If the goal is to compete, why start out by taking on the industry leader?
Jacksonville business partners Chris Flowers, Matt Beyler and Steve Lukenbach figured, why not?
Already already with a courier business available, they set up Fulfillment Shipping and Handling Inc., known better by its customers as shipping-and-handling.com in 2010.
Their goal: To help small businesses create and fulfill Internet sales.
Their competition: Amazon.com, the Internet retailing powerhouse.
"We're a David versus Goliath," said Flowers, a director of the company, noting Amazon.com is a "formidable competitor."
Flowers and Lukenbach are partners in Priority Transportation Group Inc., a courier service they bought 23 years ago.
They soon realized the Internet would consume a larger share of business and built the 40,000-square-foot warehouse at 4344 Philips Highway in 2001, moving from a far smaller site in Baymeadows.
They bought Priority Transportation through a newspaper ad. Fast forward 20 years and they looked again and found a "fulfillment company for sale."
"They next day we made a deal," Flowers said.
The three friends, all in their 50s, grew up together in Madison, Wis., and separately found their ways to Jacksonville and eventually into business together.
Fulfillment Shipping and Handling Inc., with Beyler coming on as president, focuses on small businesses that want to set up Internet sales but aren't sure how to do it, or those who sell online but find it has overtaken their time.
"We hold entrepreneurs' hands and help them grow their business," Flowers said.
Shipping-and-handling.com offers website design, integrates the online shopping cart, answers the phone and brings in and ships out the products.
"We're a one-stop shop for e-commerce entrepreneurs," he said.
A walk through the Philips Highway warehouse shows rows and stacks of boxes of products, including at least seven lines of handbags, clothes, cellphones, cosmetics, diet drops, lampshades and printed materials.
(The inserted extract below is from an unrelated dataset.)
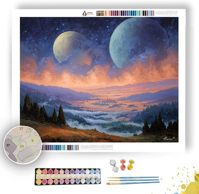 MOONFALL OVER LUMINOUS VALLEY - Paint by Numbers Full Kit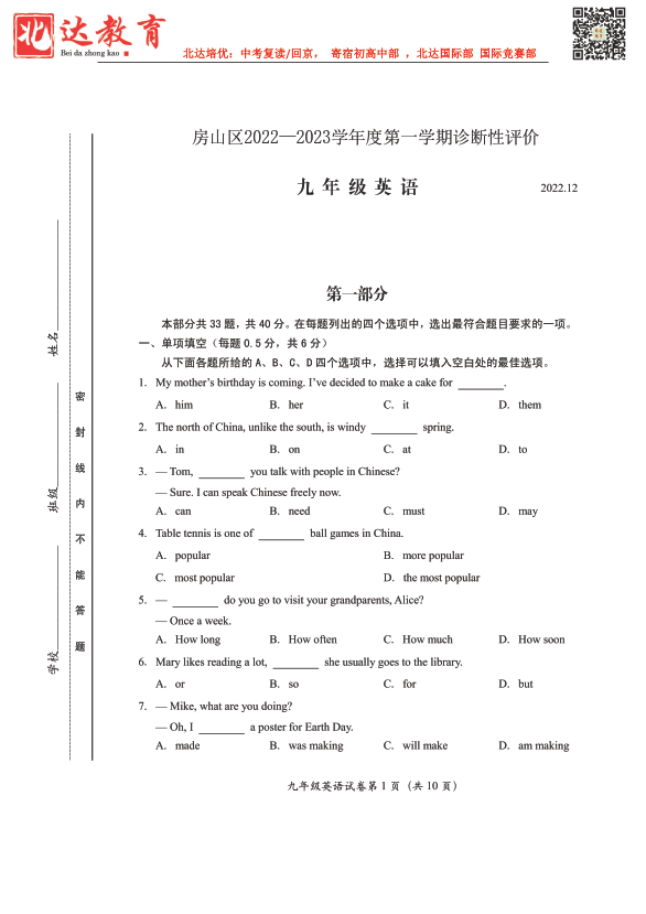 首页 初三试题 2022-2023学年北京房山区初三上期末英语试题

Customers who sell or ship those items use shipping-and-handling.com to do so.
Kelly Moore Clark of Kelly Moore Bags in Louisiana said she's been working with "Matt and the gang" for more than three years, "and couldn't be more happy."
"When we grew to the point in our business that we needed help with fulfillment, it was very scary handing over the responsibility because you want to find someone who cares as much as you do about your product," she said by email.
"I can honestly say that the guys at shipping-and-handing are like family. They always go out of their way to make sure every bag is packed perfectly, and that our customers are happy," she said.
Needing space, the team bought a warehouse on nearby Dawn Road in 2012 and recently grew again.
In August, the company paid $930,000 to buy a 30,000-square-foot warehouse at 4011 Morton St., near the Philips Highway base.
That takes their space to 110,000 square feet.
The newly acquired 3.5-acre Morton Street property provides 2.5 acres for expansion.
"This is a home-run location," said Flowers, explaining the company is at the "epicenter of Butler and Philips," which connects to Interstate 95 and the growth nodes in Southeast Jacksonville.
Flowers said a third of their e-commerce clients are in Jacksonville, a third are elsewhere in the United States and a third are international.
They ship goods through the U.S. Postal Service and United Parcel Service.
They also can use the courier service, which is "a nice sister company," he said.
Priority Transportation has 80 contract drivers on the street making 800 deliveries a day within a 75-mile radius.
As private companies, which are headquartered side-by-side in the Philips building, Flowers said he doesn't divulge sales.
"We've grown the business rapidly," Flowers said. Employment expanded from 14 four years ago to 25 today.
"We reinvented ourselves," Beyler said. "Both companies benefited from it."